Turns out Argentina is running rampant with some of the world's best hackers.
The Latin American nation has become a home base for the globe's best zero-day hackers, according to a report by the New York Times. Argentine hackers are the best at discovering so-called zero-day flaws in software – or holes and vulnerabilities in a software unknown to the developers and then exploited by the hackers.
These zero-day holes can be used to spy or even destroy entire computer networks. All kinds of U.S. companies, from those that make medical devices to those that make voting machines, are tapping into the Argentine hacking market to prevent a widespread hack like Sony’s.
As the Times explains, while it's unknown how many hackers there are in Argentina (typically not the kind of information people like to advertise) the Argentine culture and political history is why the country has become a fertile recruitment base for U.S. companies looking world-class hackers.
“Cheating the system is part of the Argentine mentality,” Cesar Cerrudo, an Argentine security researcher who is known for hacking into traffic light systems in cities across the United States, told the Times. “Unless you are rich, you grow up without a computer or reading books. To access new software, you have to hack it, and you have to teach yourself everything from the ground up.”

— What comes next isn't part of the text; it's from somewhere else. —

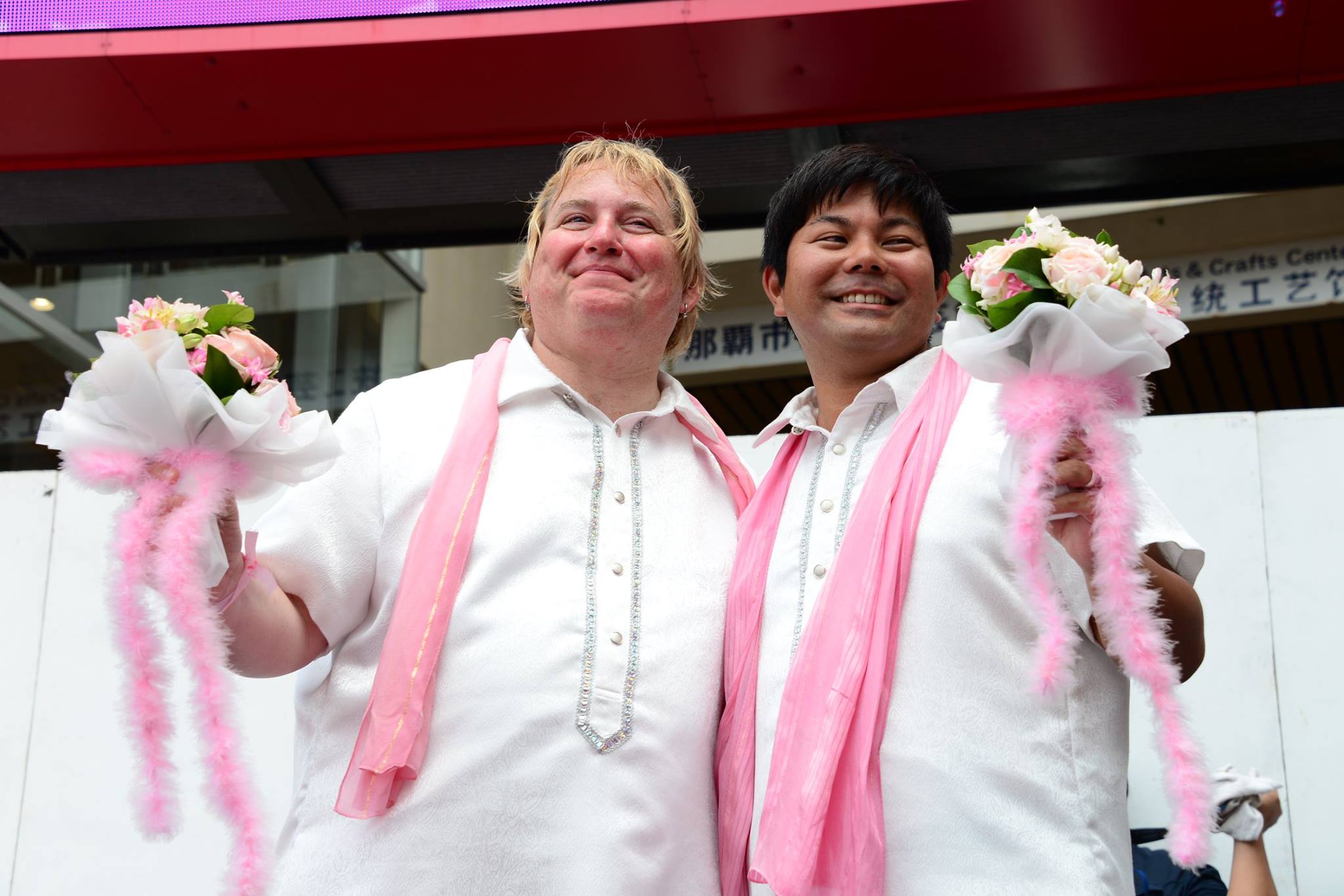 O momento mais esperado do evento foi o casamento de Kazuki e Harold, realizado no palco. Kazuki Kinjo, que hoje vive no Canadá com seu marido Harold, levou algum tempo até que sua mãe aceitasse seu relacionamento. No Pink Dot, eles contaram sua história e realizaram um casamento simbólico, numa tentativa de mudar o modo como a sociedade okinawana vê LGBTs e de dar esperança aos jovens que hoje enfrentam dificuldades com suas famílias, uma vez que o casamento homoafetivo não é reconhecido no Japão.

Living under the rule of a military junta – Argentines have become accustomed to circumventing government oppression and laws that restricted the kinds of books, movies, and even religious beliefs they should be exposed to. In other words, life hacking has naturally led to careers in technical hacking.
Hacking has become so popular there's an annual gathering of Argentine hackers called EkoParty. Here, hundreds of hackers gather and so do cyber-security companies and government officials looking to recruit hackers specializing in so called zero-day skills that could be used by governments and companies to spy on one another.
“Argentina put itself on the map as the country to produce the best hackers,” said Sinan Eren, an executive at Avast Software, a Prague-based security company, told the Times.